I think we nailed it down? Here then goes the "quantum reloaded" version of the same experiment.

An experiment devised to detect absolute motion.

The experiment is very simple in theory, although it can be relatively complex to realize it in practice: To measure the time a ray of light takes to go from one point to another, one-way. That is, without the return time. The total travel time is usually known as round-trip-time, or rtt, but we'll be measuring the one-way time only, not the rtt.

Let's discuss it first from a theoretical perspective, and we can talk later about experimental setups, which are really not so simple.

The idea is to be able to emit a ray of light in different directions, precisely measuring the departure and arrival times over a fixed traveling distance.

To solve the clock synchronization problem a quantum approach, using entangled particles, is suggested.

The prediction is that absolute motion will be detected by comparing the differences in the time deltas, and the motion will be in the direction at which the time delta is greater.
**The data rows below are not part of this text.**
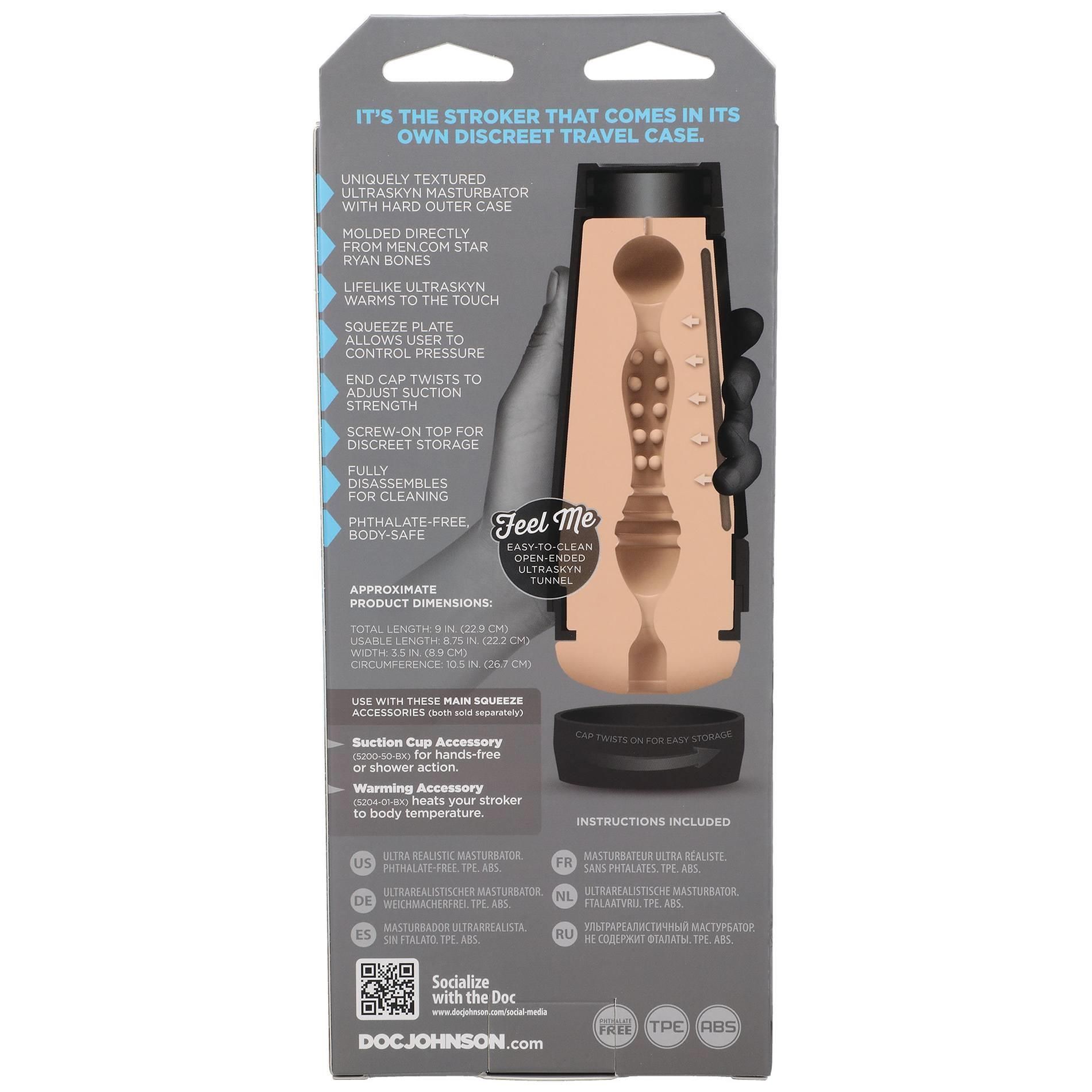 Model Ryan Bones wyposażony jest w regulowaną nakrętkę do kontroli siły ssania oraz ściśnięcie, które pozwala dostosować ciasność każdego ruchu. Ryan posiada realistyczne otwarcie przypominające męskie pośladki, które wyglądają i w dotyku przypominają prawdziwe ciało. Tak jak inne produkty z serii Main Squeeze, Ryan Bones jest wyposażony w unikalną teksturę wewnętrzną, która sprawia, że każde pchnięcie przypomina zanurzenie się w umięśnionym facecie z twoich marzeń.
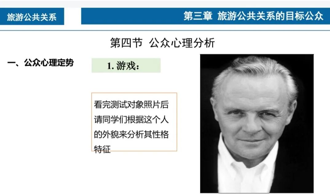 一个十恶不赦、罪行累累的逃犯?一个面露凶相、阴险恶毒的老者?还是一个才智过人、善于创新的发明家?……当学生们凝视着那张西装革履、笑容可掬的特写照片时,心中不禁升起这样的疑问。倘若给你一张照片,让你揣测图中人物的性格轮廓,你是否会好奇这究竟是哪门课程的独特教学方式呢?答案揭晓——这是旅游公共关系课程的一次课堂互动,你是否已经猜中了呢?
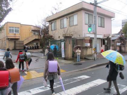 あいさつ運動も今日が最終日。傘をさしての呼び掛けです。

The proposed explanation is as follows:
1) Light is not "pushed" by the emitting device. It leaves the emitting device as a perturbation in the medium, and propagates at a fixed velocity. That velocity is dependent only on the medium, and is c when the medium is a vacuum. 2) The receiving device is also moving, in the same direction as the emitting one(they are solidary, fixed on the same experimental setup). 3) If the whole experimental setup is moving(due to earth's rotation and translation, typically) the receiving device will be going farther from the emitted ray in some cases, and towards the emitted ray in some other cases. Because, as said before, the emitted ray is independent of the emitting device's velocity.

That way, absolute motion will be detected in the direction at which the time delta is greater. The light ray will take longer, traveling at a fixed velocity, to reach the receiving device, because the travel distance in that direction will be greater. Again, because the receiving device will be moving away while the light ray is traveling towards it.

To solve the clock synchronization problem, a quantum approach is suggested:
The receiving device will be attached to an entangled particle, in a way which will make the quantum state of the entangled particle to collapse when a light ray is detected. The other entangled particle will be at the emitting device's end, attached to a clock in a way that will make the clock to register an event when the entangled particle collapses accordingly, due to the collapse of its entangled sister. The same clock will be attached too to a local light detector, which will be triggered when detecting the emission of a light ray by the emitting device. That is, the same clock will detect both, the time when the light ray is emitted, and the time when the light ray is detected, via quantum entanglement.

Because collapse of entangled particles happens instantaneously, the experimental setup will effectively detect the absolute one-way travel time of a light ray in a given direction. Comparing these travel times in different directions, absolute motion can thus be detected, in the direction of the maximum time delta, and with a velocity proportional to it.

In other messages we can talk about the needed precision, and about the conditions for feasible experimental setups. But I would first like to hear your comments regarding the purely theoretical aspects of the previous exposition.